I started writing Beyond Digital in the months preceding the Covid-19 pandemic, and I wrote most of it during the first pandemic winter of 2020-21, profiting from the time and concentration that the elimination of all travel, and most human interaction, then induced and seconded.  As a result, that book included perhaps more historiographic research than other recent works of mine, but its main subject had been conceived in pre-pandemic times and was already fully developed when the pandemic struck: the next frontier of computational design, I then argued—and I was in good company—would have to tackle construction and fabrication, and deal somehow with the delivery of actual buildings.  The reasoning behind that assumption was, and remains, somewhat self-evident: computational design tools are already way more advanced that the fabrication tools at our disposal; as a result, the “fabrication gap”—the distance between what we notate and calculate, and what we can build, keeps growing.  Therefore, one would argue, it is high time to shift at least some of our technical prowess from the images we create on the screen to the stuff we can make on site—from bits to atoms.  This shift is made even more urgent by the impending climate crisis, by environmental requirements, and by the divergence between the costs of what we build and current social demand, which—across all nations, people, and places—is today, mostly, for affordable housing.

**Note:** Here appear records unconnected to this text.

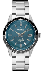 Presage Style60's GMT. Offering the finest in Japanese mechanical watchmaking, the Presage Collection blends precision technology with superior craftsmanship and design. Inspired by the steering wheel, levers, instruments and metallic colors of vintage 1960s touring cars, the Style60's GMTGMT models create a distinctive retro feel with broad angular lines, box-shaped crystals, faceted indices and sharp hand design. Celebrating the spirit of the decade, the collection incorporates dial elements from Seiko’s 1964 “Crown Chronograph,” Japan’s first watch with a stopwatch function. Framed by a black and dark gray 24-hour GMT bezel, the warm blue-gray dial features a date calendar and GMT hand, as well as LumiBrite hands and markers. The screwdown see-through caseback provides a view of the 24-jewel movement with manual winding capability, a frequency of 21,600 vibrations per hour and a power reserve of approximately 41 hours. Crafted of stainless steel, in a new hairline finish suggesting the metallic, machine-like feel of ’60s cars, this memorable timepiece includes a tri-fold push button release clasp. 10 bar, 100M Water Resistant
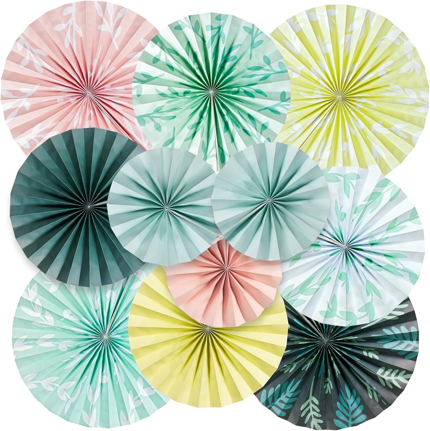 SUNBEAUTY 11 Pcs Sage Green Paper Fans Decoration Ceiling Decor Leaves Paper Fans Decoration Boho Classroom Decor Hanging Paper Fans Decor for Wedding Bridal Birthday Baby Shower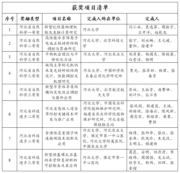 会议对获得2024年度河北科学技术奖的代表进行了表彰。河北大学共获2024年度河北省科学技术奖8项,其中一等奖1项、二等奖3项、三等奖4项,自然科学一等奖为我校“十四五”以来首次获得。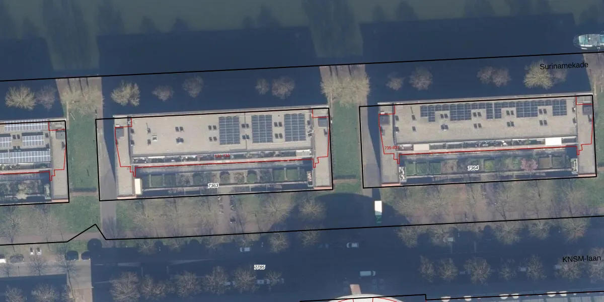 Het perceel waarop KNSM-laan 727 staat heeft een oppervlakte van 2086 m². Dit is een zeer groot perceel. De perceeloppervlakte wordt geregistreerd door het Kadaster. Gedetailleerde informatie over de maten van dit perceel kunt u vinden in het rapport Kadastrale kaart met maatvoering van KNSM-laan 727.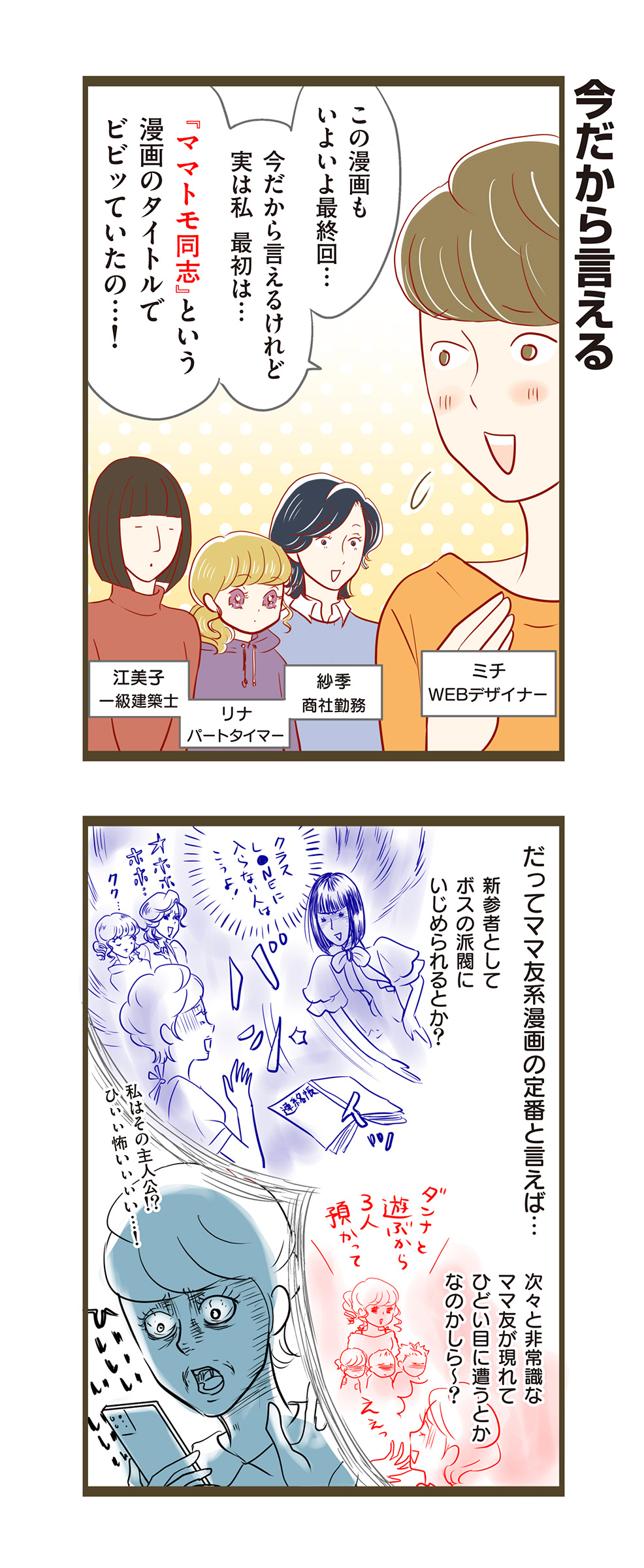 …ということで、記事の最後ですが、本連載『ママトモ同志』、今回が最終回です。「え?最終回?初めて読んだんですけど」って、そっちのほうに驚いた人は、ぜひ過去回のマンガも読んでやってくださいね(笑)。

As the pandemic unfolded, however, it became clear that the brutal adjustments it imposed on the world economy were also fostering and nurturing new ways of living and working.  When the global transportation of people, products, natural resources, and industrial goods, which we had long taken for granted, shrunk and almost came to a halt, particularly during the first waves of pandemic lockdowns, civic and economic life found ways to reset, somehow, and get by on a radically different socio-technical basis: an ancestral one based on local production and geographical proximity, but enhanced by a global communication network of unprecedented efficacy—one which, we then found out almost by surprise, made interaction in the flesh often unnecessary.  This in many ways vindicated many tenets of the digital revolution, probed and discussed at length since at least the mid 1990s: after all, we had always posited, almost as an article of faith, that digital mass-customization is cheaper, faster, smarter, and more environmentally sustainable that the mechanical mass-production of standardized industrial products; and that the electronic transmission of information is cheaper, faster, smarter, and more environmentally sustainable than the mechanical transportation of people and goods.  

At the start of the pandemic, out of necessity, distributed robotic manufacturing, and videoconferencing, stepped in when airports, factories, offices, banks, and schools shut down.  And the Internet mostly did the job, and kept the world economy humming—when almost everything else stopped to function.  Nobody liked that, evidently, but the experience was nonetheless conclusive; as the late Bruno Latour was among the first to remark, the pandemic proved that an alternative to the mechanical-industrial, “anthropocenic” mode of production was, by and large, already technically possible, viable, and ready to go mainstream.[1]  And, some started to observe at that time, that was welcome news, in spite of the unwelcome circumstances, as we all know that the “anthropocenic” mode of production, based on the unlimited exploitation of natural and human resources, was doomed—for a number of reason, not limited to climate change.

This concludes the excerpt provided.